Re: advice on schema for multilingual text

Michael Glaesemann <grzm@xxxxxxxxxxxxx> · Mon, 10 Apr 2006 09:49:35 +0900

On Apr 9, 2006, at 0:31 , Daniel McBrearty wrote:

Hi

I have a website that has multilingual text stored in the database.  
Currently I just have a flat table (lets called it "translations"),  
one row per text item, one column per language. This works OK, for  
now, but I am looking at a redesign. Mostly I want to keep  
information about the languages in teh db as well, so that look  
like an extra table, one row per lang.

The problem that now arises is that there is an expected  
correlation between the "languages" and "translations" tables -  
there should be a row in languages for each column of translations.  
AFAIK (could well be wrong, I am no expert in db theory) there is  
no real way to express in the ddl. Not ideal.

An alternative layout would now be to lose the "translations"  
table, and have two tables in place; one called "base_text"  
containing the text to be translated, and another called, say,  
"tx_text" which contains the translations. Each row of "tx_text"  
references both "base_text" and also "languages".

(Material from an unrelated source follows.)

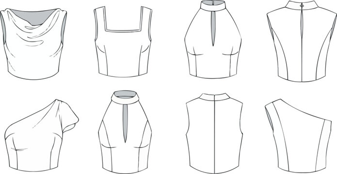Assorted Sleeveless Top Vector Set, Fashion Flat Illustration, Cowl Neck, Square Neck, Halter Neck, One-Shoulder, High Neck, Bodice Technical Drawing Bundle
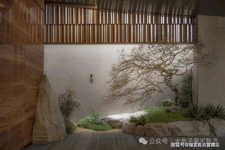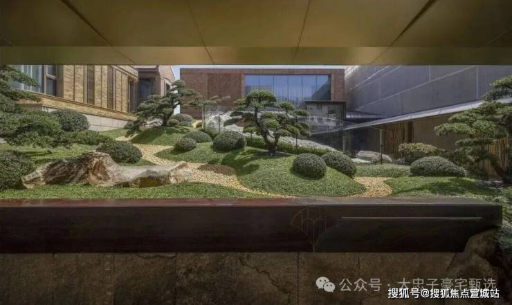 为了使我们在稀缺的地段营造稀缺的资源,把生活的想象现实化,越秀·外滩樾还在会所引“山水入园”。在空间有限的情况下,进行垂直空间的挖掘,营造了坡道景观、山水庭院和会所。

This looks like a nice layout, as there is an abstract rep of the  
languages, and we lose the "translations" table which can get very  
wide. It's nice that the schema doesn't actually change to add a  
new language.

BUT there are certain invariants that need to be enforced. The main  
one is this:

There must only be one row in "site_text" for any given language  
referencing a given row of "base_text".

You'd want a unique index on (base_text, language), like:

create table tx_text
(
	base_text text not null
		references base_text(base_text)
	, language text not null
		references languages (language)
	, primary key (base_text, language)
	, tx_text text not null
);

I would also like to have a column in "languages", type boolean,  
called "is_base" - this says what the base language is. Here, only  
ONE row can have a true value. (Obviously it has default value of  
false and is not null).

Here you want a partial unique index on languages where is_base is true
create table languages
(
	language text primary key
	, is_base boolean not null
);

create unique index languages_only_one_true_base_idx
on languages (is_base)
where is_base;

Another invariant now comes in - the language referenced by every  
row of "site_text" MUST have "is_base" set to FALSE.

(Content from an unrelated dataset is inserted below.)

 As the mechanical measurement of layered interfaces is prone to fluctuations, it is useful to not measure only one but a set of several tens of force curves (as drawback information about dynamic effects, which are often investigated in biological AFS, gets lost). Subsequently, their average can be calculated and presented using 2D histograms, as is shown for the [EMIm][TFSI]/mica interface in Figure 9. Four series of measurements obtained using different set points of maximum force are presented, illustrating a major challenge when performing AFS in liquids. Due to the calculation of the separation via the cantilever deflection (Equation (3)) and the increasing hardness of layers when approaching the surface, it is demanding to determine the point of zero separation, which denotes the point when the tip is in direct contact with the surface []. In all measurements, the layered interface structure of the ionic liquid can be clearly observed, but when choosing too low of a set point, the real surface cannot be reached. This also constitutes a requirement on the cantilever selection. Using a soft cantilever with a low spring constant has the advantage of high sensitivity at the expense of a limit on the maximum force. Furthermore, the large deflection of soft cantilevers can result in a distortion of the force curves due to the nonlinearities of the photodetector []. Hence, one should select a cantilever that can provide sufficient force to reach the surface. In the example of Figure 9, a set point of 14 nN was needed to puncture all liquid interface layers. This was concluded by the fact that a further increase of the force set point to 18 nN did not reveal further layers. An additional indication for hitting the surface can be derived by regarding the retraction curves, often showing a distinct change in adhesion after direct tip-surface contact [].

I can think of two ways to do this: one is to write a trigger to  
enforce this, something like:

create function non_base_language_translations_check
returns trigger()
language plpgsql as $$
begin
	if exists (
		select *
		from tx_text
		natural join languages
		where not is_base
		)
	then
		raise exception
		'Language of translation text must not be a base language.';
	end if;
end;
$$;

Then use this function on triggers that fire on insert and update on  
tx_text and on update on languages.

Another is to include the is_base column in tx_text (with both  
language and is_base referencing languages) and use a check  
constraint to make sure is_base is false:

create table tx_text
(
	base_text text not null
		references base_text(base_text)
	, language text not null
	, is_base boolean not null check not is_base
	, foreign key (language, is_base) references languages (language,  
is_base)
		on update cascade
	, primary key (base_text, language)
	, tx_text text not null
);

The latter method is denormalized, which is not something I usually  
recommend. I don't know how the constraint checking overhead of using  
a trigger compares with using the foreign key and check constraint.

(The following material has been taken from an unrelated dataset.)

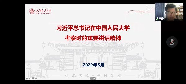 在五四青年节即将到来之际,中共中央总书记、国家主席、中央军委主席习近平来到中国人民大学考察,与师生代表座谈并发表重要讲话。为学习贯彻习近平总书记在中国人民大学考察时重要讲话精神,5月3日,365英国上市集团党史党建学研社集体参与由校团委主办的“青春赛道,奋力奔跑——学习贯彻习近平总书记在中国人民大学考察时重要讲话精神分享会”。本次会议由上海交通大学马克思主义学院副院长周凯老师主讲,学研社全体成员参与会议。

A third idea would be to have two languages tables: one with a single  
row for the base language and another for the target languages (You  
might even do this using table inheritance, though I haven't thought  
this completely through). tx_text would reference the  
target_languages table (or child table, as the case may be).

I'm sure others have opinions on this as well.

Hope this helps.

Michael Glaesemann
grzm myrealbox com